Smackover brought Arkansas to the national attention in 1920s when it was ranked 1st amongst the nation’s oil fields. Before the oil industry came to Smackover, the region struggled producing cotton and timber. On January 10, 1921, the The Busey No. 1 well near El Dorado, Arkansas and 15 miles from Smackover blew in as Arkansas’ discovery well. Geologists scoured the region for more deposits. The Richardson No. 1 struck oil closer to home on July 29, 1922. The small village of 100 boomed to 25,000 within months. Twenty-five million barrels of oil were produced in Smackover within the first year. Almost 1,000 oil wells had been drilled. Subsequent discoveries kept the region a continuously producing petroleum region. While petroleum production has died down, it continues at a more moderate pace in the region even today.
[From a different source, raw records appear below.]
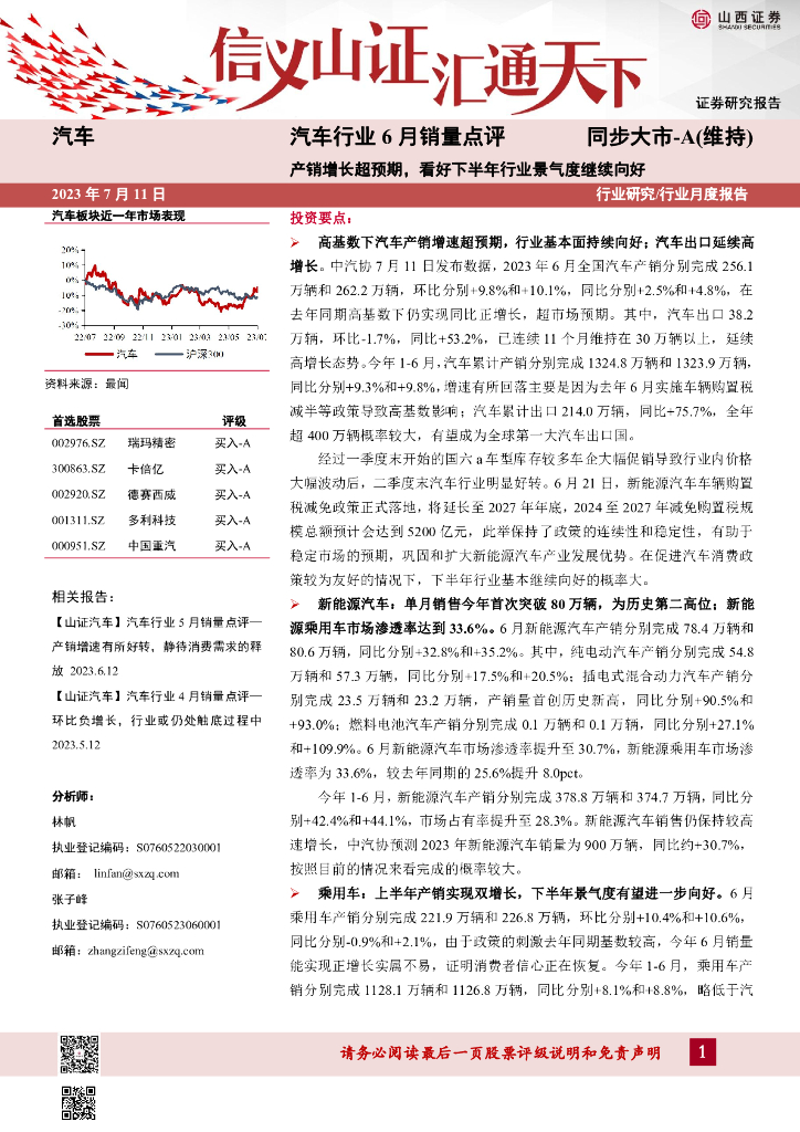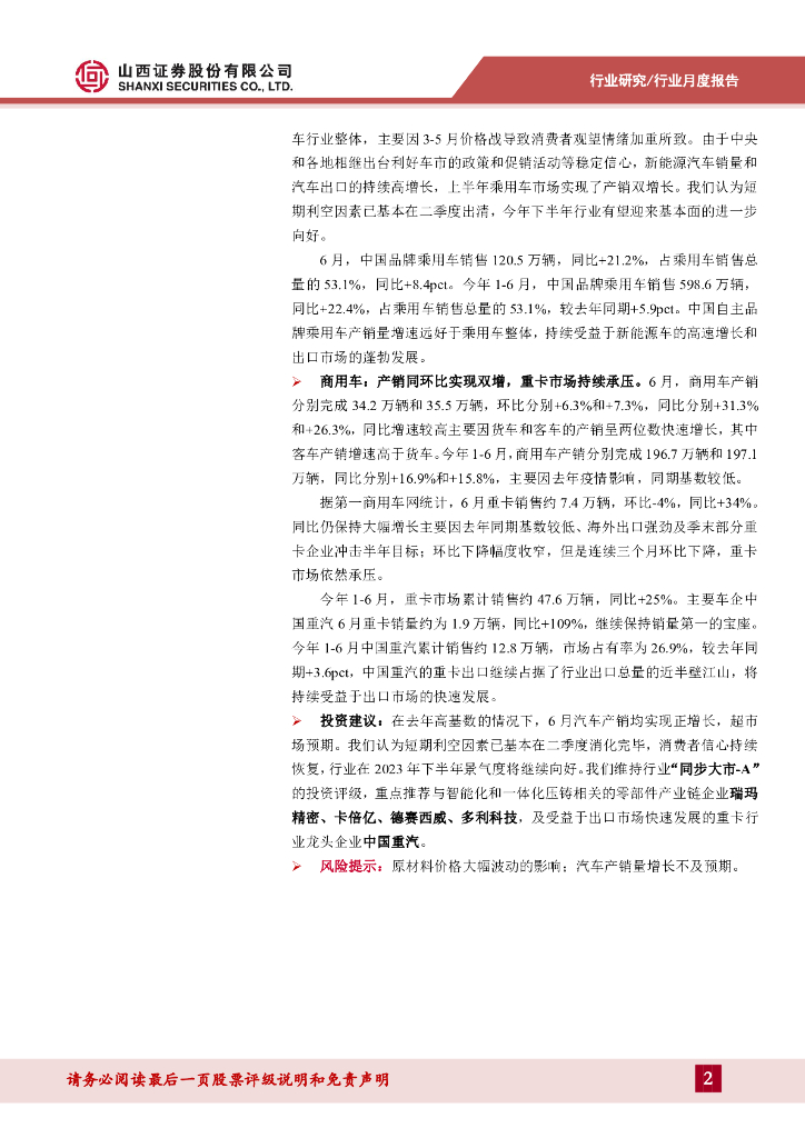 山西证券:汽车行业6月销量点评:产销增长超预期,看好下半年行业景气度继续向好.pdf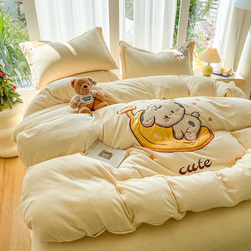 当前位置: 91家纺网 > 商品网购 > 床品套件 > 四件套 > 牛奶绒四件套 > 棉生活家纺 2025新款卡通牛奶绒贴布绣系列四件套 小松鼠 奶黄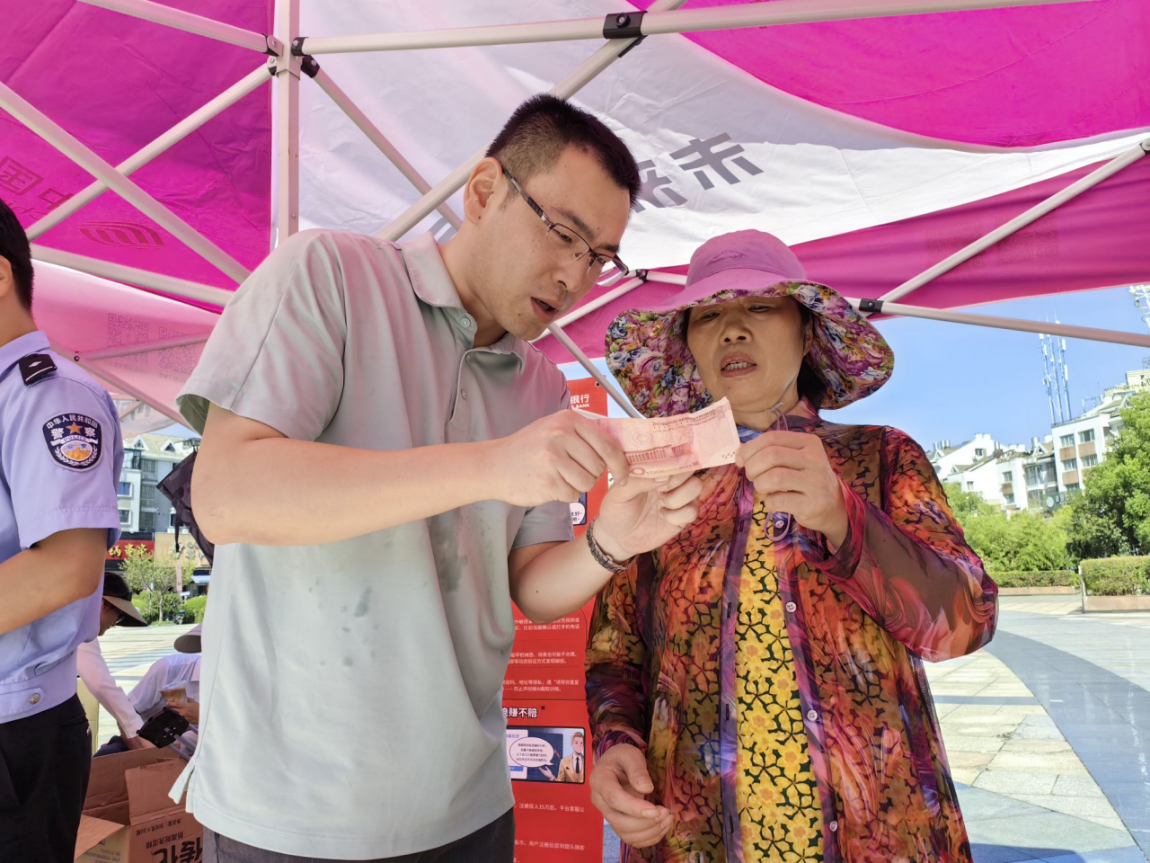 反假货币宣传环节,该行副行长章晨炜展示不同面额假币关键特征,手把手传授 “看、摸、听、测” 识别方法,以现场问答互动的方式激发群众热情,有效提升公众识假防假能力。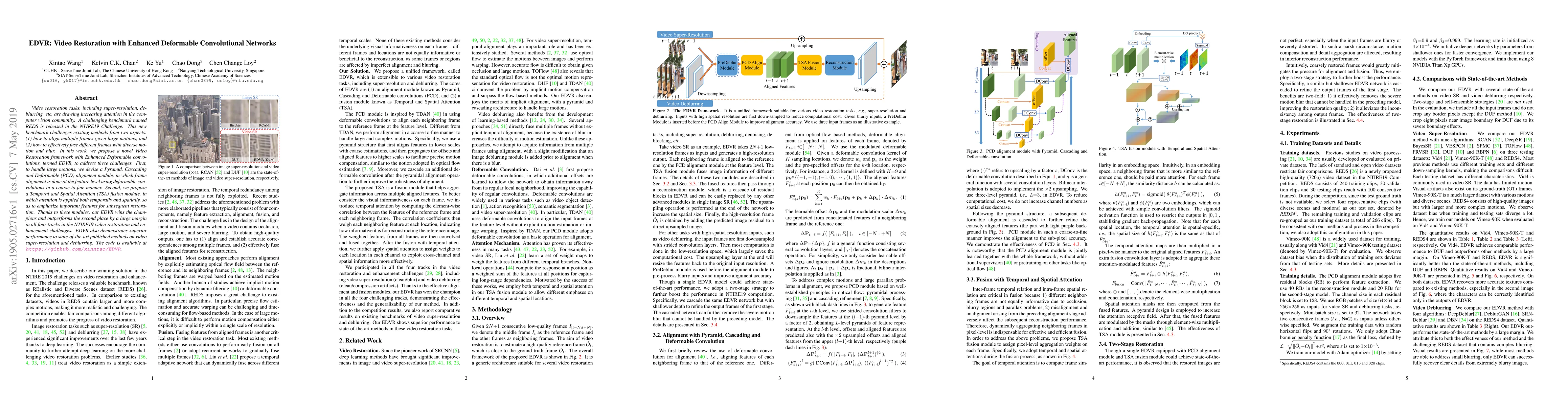 EDVR introduces a novel framework with Enhanced Deformable Convolutional Networks to tackle video restoration challenges, including super-resolution and deblurring, by employing a Pyramid, Cascading and Deformable (PCD) alignment module and a Temporal and Spatial Attention (TSA) fusion module, achieving top performance in NTIRE19 video restoration challenges.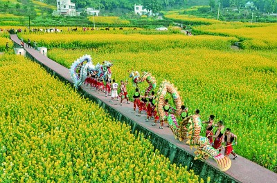 四川瀘州市瀘縣喻寺鎮(zhèn)譚壩村,國家級非遺雨壇彩龍在油菜花海中翻騰。劉國興攝/光明圖片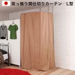 つっぱりカーテンポール ライトブラウン コーナーL字型 オフィス 目隠しカーテン つっぱりパーテーション L字 コーナー 間仕切りカーテン 代引不可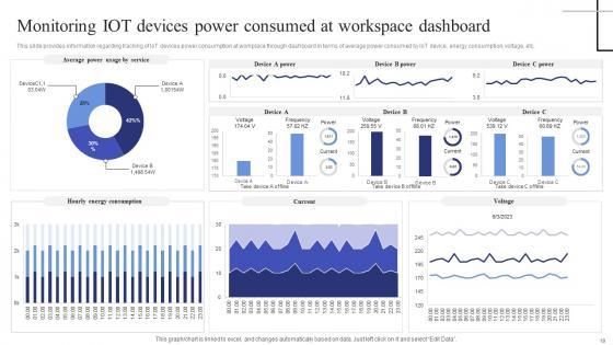 This slide provides information regarding tracking of IoT devices power consumption at workplace through dashboard in terms of average power consumed by IoT device, energy consumption, voltage, etc. Do you know about Slidesgeeks Monitoring Iot Devices Power Consumed At Exploring Internet Things Clipart PDF These are perfect for delivering any kind od presentation. Using it, create PowerPoint presentations that communicate your ideas and engage audiences. Save time and effort by using our pre-designed presentation templates that are perfect for a wide range of topic. Our vast selection of designs covers a range of styles, from creative to business, and are all highly customizable and easy to edit. Download as a PowerPoint template or use them as Google Slides themes. This slide provides information regarding tracking of IoT devices power consumption at workplace through dashboard in terms of average power consumed by IoT device, energy consumption, voltage, etc.

The Arkansa Museum of Natural Resources is only a mile outside of Smackover. It is a sprawling 25,000-square-foot exhibit and research site featuring Arkansas’ history and role in the petroleum industry. Travel back in time to the carbon based origins of oil or visit a 1920s Arkansas boom town complete with land office, theater, boarding house, and jail. Interactive displays demonstrate the extraction, refinement, distribution, and uses of petroleum today.
The adjacent Oil Field Park features working modern and period oil wells, rigs, and storage barrels. Get a little closer to nature and natural resources by walking through the wooded property and past a 1920s standard rig and equipment.